A lineup without much punch from the left side created an opportunity for the left-handed hitting Wiseman. While he would like to be hitting for a higher average, Wiseman has contributed six doubles, a triple, one home run, and eight RBIs.
His first collegiate round-tripper was a two-run, walk-off shot to beat Illinois-Chicago on March 3.
Wiseman realizes he is fortunate to be in the lineup as a freshman, especially behind three senior outfielders, including St. John’s Prep grad Michael Yastrzemski of Andover, the grandson of the Red Sox legend.
“I’ve been seeing some time as a designated hitter, and it’s nice to get in there however I can to help the team,” said Wiseman, who committed to Vanderbilt after his sophomore season at BB&N. “This year we have three senior superstar outfielders, and I’ve been very fortunate to be playing under these guys and learning a lot from them every day.”
As a senior at BB&N, Wiseman was the MVP of the Independent School League and the state’s Gatorade Player of the Year.
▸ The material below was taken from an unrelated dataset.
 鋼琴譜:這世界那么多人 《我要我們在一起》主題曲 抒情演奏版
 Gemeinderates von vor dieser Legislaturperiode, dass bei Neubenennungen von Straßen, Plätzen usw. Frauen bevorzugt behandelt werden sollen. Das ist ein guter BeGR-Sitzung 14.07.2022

He holds several school career records, including stolen bases (74), home runs (31), and triples (24). He was drafted by Cubs in the 25th round of the 2011 Major League draft.
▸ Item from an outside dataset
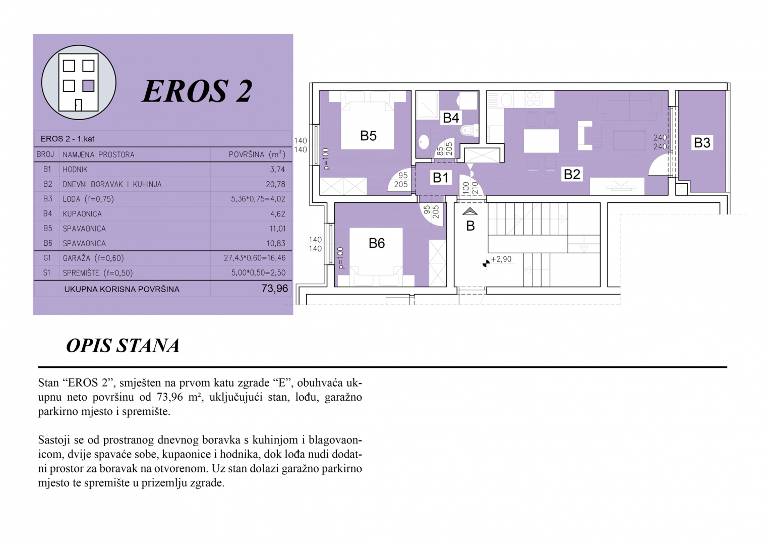 ISTRIE, PULA - Moderní novostavba v žádané lokalitě! V atraktivní lokalitě, u vjezdu do Puly, byl postaven nový projekt, který zahrnuje výstavbu moderního rezidenčního komplexu šesti budov s celkem 24 byty. Plánované dokončení výstavby je jaro 2027, se všemi potřebnými povoleními a energetickou certifikací. POPIS NEMOVITOSTI: Projekt počítá se čtyřmi byty v každé budově o rozloze od 60 m2 do 88 m2 - dva v prvním patře, dva ve druhém patře. Díky efektivnímu uspořádání bude mít každý byt dvě ložnice, prostornou kuchyň s obývacím pokojem, koupelnu a lodžii. Projekt zahrnuje také vlastní garáž nebo venkovní parkovací stání a úložný prostor pro každou bytovou jednotku v přízemí budovy. EXTERIÉR: Okolí budovy je plánováno tak, aby zahrnovalo zelené plochy s původními istrijskými rostlinami, trávník s automatickým zavlažováním, zpevněné chodníky a příjezdové cesty, živý plot pro soukromí, LED osvětlení s detekcí pohybu a udržitelný odvodňovací systém pomocí podzemních vpustí a absorpční studny. TECHNICKÉ ÚDAJE: Vnitřní design bytových domů bude splňovat vysoké standardy kvality (energetická třída A/A+): - Tepelně izolační fasáda (ETICS) a vysoce účinná tepelná izolace o tloušťce 10 cm (minerální vlna/EPS) - Vstupní dveře odolné proti vloupání, vnější truhlářské práce z PVC profilů s dvouvrstvým IZO sklem plněným argonem a rolety. - Ve všech místnostech bytů bude instalována vysoce kvalitní keramika moderního designu, pečlivě vybraná z hlediska odolnosti a estetiky. Na lodžiích bude použita protiskluzová keramika pro větší bezpečnost a pohodlí pobytu. - Vytápění a chlazení každé jednotky klimatizací a elektrické podlahové vytápění v koupelně, obývacím pokoji a kuchyni. V koupelnách jsou také elektrické radiátory (sušičky) s termostatem. LOKALITA: - blízkost hlavní městské silnice, rychlý přístup do centra Puly, autobusového nádraží a sjezdu na Istrijský Y. - jen pár minut chůze do obchodů Lidl, Plodin, Kaufland, Pevex, Bauhaus a dalších - ideální pro každodenní život. - vzdálenost do lesoparku Šijana je jen pár minut - ideální pro procházky, běh, cyklistiku a rodinné aktivity v přírodě. - v blízkosti se nacházejí mateřské školy, základní škola Šijana, sportovní zařízení a dětská hřiště. - osada má rezidenční charakter, je daleko od městského hluku, ale přesto velmi blízko veškeré základní občanské vybavenosti. Vynikající projekt ve vyhledávané lokalitě, který poskytuje vše, co potřebujete pro novou stránku svého života. Pro veškeré další informace a domluvení prohlídky nemovitosti volejte svého makléře!

Despite his acclaimed success, Wiseman is in the midst of a major learning curve adjusting to Division 1 college baseball.
“You come in as a freshman and it’s pretty much about learning your role,” he said.
“The intensity of the lifestyle and balancing school is difficult, and bringing your best every day is definitely something I had to get used to. I wasn’t used to getting in the cage every day and hitting for two hours and then lifting for an hour and then having a full practice. So finding a routine that works for me was important.”
Wiseman will continue to work on all parts of his game, focusing on nuances like bunting and moving runners along, learning to read balls in the dirt, developing his power, and improving his arm strength.
“At this point it’s about learning and getting better every day,” said Wiseman, who shrugs off comparisons to Bradley and Red Sox center fielder Jacoby Ellsbury.
“To see a guy like Bradley, who breaks his wrist in his junior year and then comes out and has such an impact in the College World Series for South Carolina, is amazing. Then to be a first-round pick and just fly right through the Red Sox organization is a pretty incredible thing.”
UMD’s McNamara produces video
It’s been an exciting few weeks for Stoughton High graduate Will McNamara. A sophomore wide receiver on the football team at the University of Massachusetts Dartmouth, he was one of 12 Corsairs named to the New England Football Conference All-Academic squad. Last week the UMD athletic department released a new promotional video produced and directed exclusively by McNamara.
The 60-second video features UMass Dartmouth student-athletes during training sessions, focusing on a quote by UCLA coaching legend John Wooden: “The true test of a man’s character is what he does when no one is watching.”
McNamara is a graphic design major in UMD’s College of Visual Arts. He spent about 50 hours producing the video over the course of a month.
“I can’t say enough about the work of Will McNamara on this project,” said UMass Dartmouth AD Ian Day. “The video is excellent, and in just about a minute it portrays the dedication and hard work of our more than 500 student-athletes on campus.” The video can be viewed at www.youtube.com/watch?v=QWdSJi8ia48.